Starbucks iPhone app vulnerable, security specialist says

by Ángel González, Seattle Times

starbucks_ccThe mobile app is an increasingly important part of Starbucks’ strategy, accounting for 11 percent of U.S. transactions in the quarter that ended last September.

The Starbucks iPhone app stores customers’ personal data in unencrypted form that leaves it vulnerable to computer-savvy phone thieves, according to a cybersecurity expert whose discovery of the flaw was disclosed this week.

Daniel Wood, a Minneapolis-area computer-security specialist, said he was able to break into the app’s file containing his email address, user name and password. That’s the same file where credit-card information would go, which means it would be exposed if he had entered it, he said in an interview.

Wood on Monday posted his findings about the flaw on a computer-security site, with recommendations to Starbucks security experts on how to fix it.

The personal information was visible in plain text format and wasn’t hard to get to — making it easy prey for hackers with malicious intent who might get ahold of someone’s phone, he said. Wood also said he was able to see a log of information about user location.

“I drink a lot of Starbucks myself,” Wood said, adding that he first found the flaw last November, when tinkering with the application to see if it was secure before putting in his credit-card information.

The mobile app is an increasingly important part of Starbucks’ strategy. It accounted for 11 percent of U.S. transactions in the quarter that ended last September.

A Starbucks spokesman said the company was aware of the report but knew of no impact on customers.

Wood’s discovery, first reported by Computerworld on Wednesday, comes amid heightened concerns about identity theft and credit-card security. Last month criminals broke into Target’s computers, gaining access to credit and debit-card data belonging to tens of millions of people.
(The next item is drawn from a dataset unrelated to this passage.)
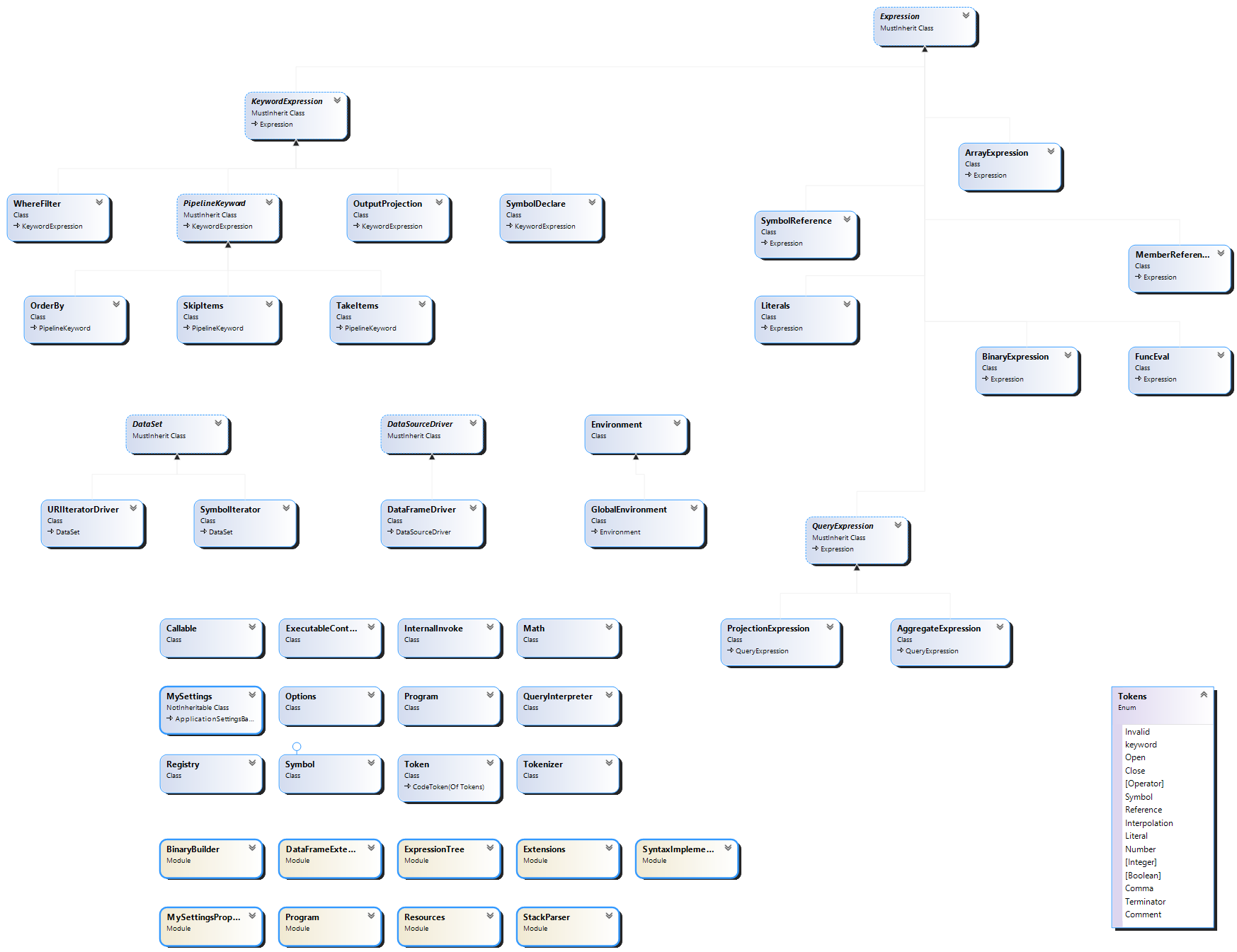 元表达式就是一般意义上的编程语言之中的表达式。在这个查询引擎之中,元表达式是以VisualBasic的语法为基础而解析的。也就是说,你几乎可以将VisualBasic源代码之中的LINQ查询表达式原封不动的复制出来,在这个查询引擎中执行。

Hackers also made out with names, mailing addresses and phone numbers for up to 70 million people, Target said last week.

This week, The Associated Press reported that Neiman Marcus was also the target of a cyber-heist.
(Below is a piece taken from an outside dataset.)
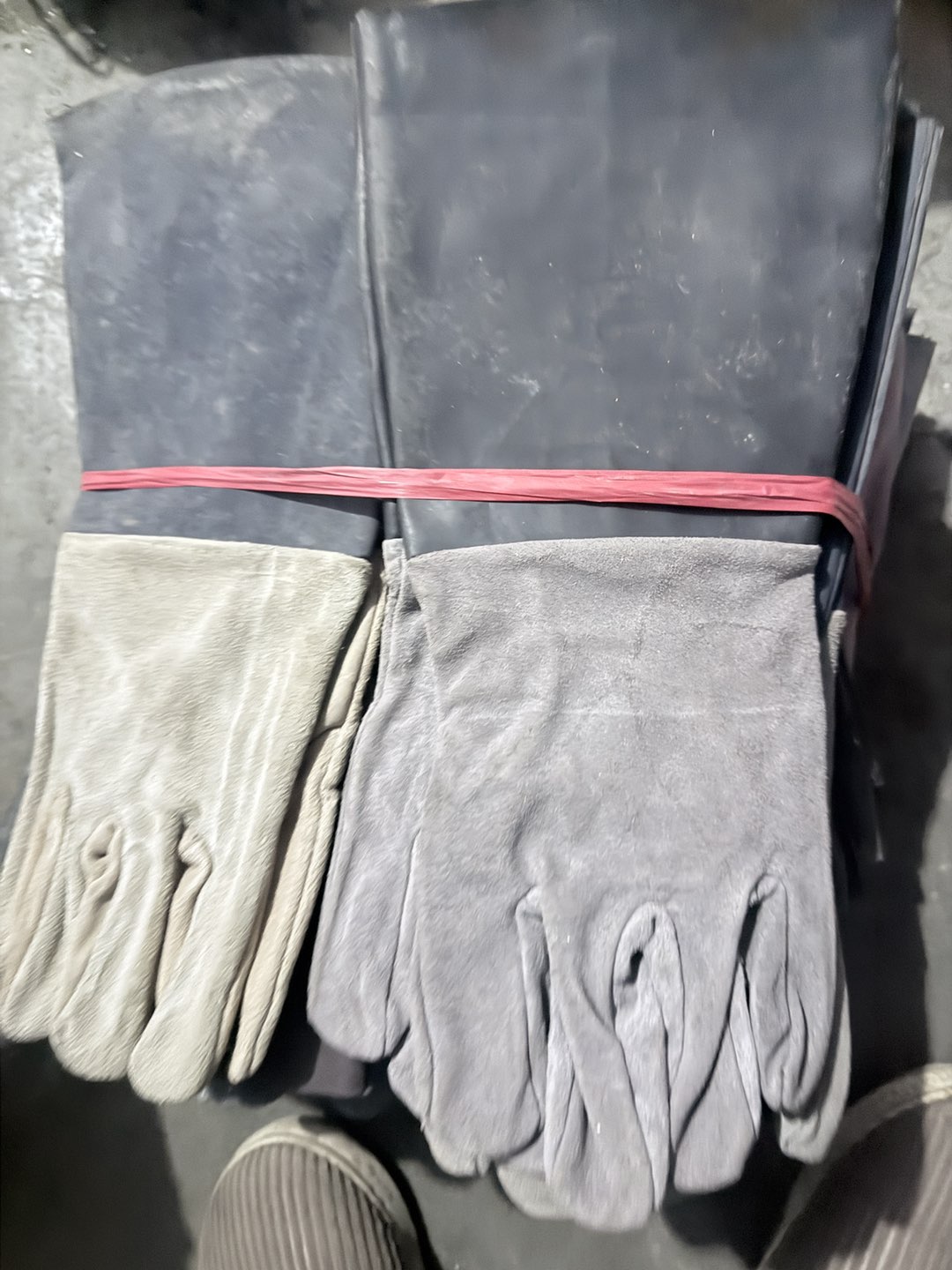 便宜出售28副长皮焊工手套,十来副短皮手套共100元有要的电话

The Seattle coffee giant has “taken steps to safeguard customers’ information and protect against the theoretical vulnerabilities raised in the report, but we are unable to discuss any of the details because we want to protect the integrity of our security measures,” spokesman Zack Hutson said in an email.

“We’re also looking at whether updating the app would add another layer of protection,” he said.

Wood said he only investigated the Starbucks app for Apple’s iOS. Starbucks said the flaw applied only to the iOS app and not to its Android equivalent.

In a message to store managers earlier this month, Chief Executive Howard Schultz said the company’s investments in digital and mobile payment expertise have positioned Starbucks to benefit from consumers’ growing use of online and mobile devices.

Schultz said digital payments helped Starbucks “efficiently handle” more than $1.3 billion in total Starbucks card loads in the U.S. and Canada, a record figure.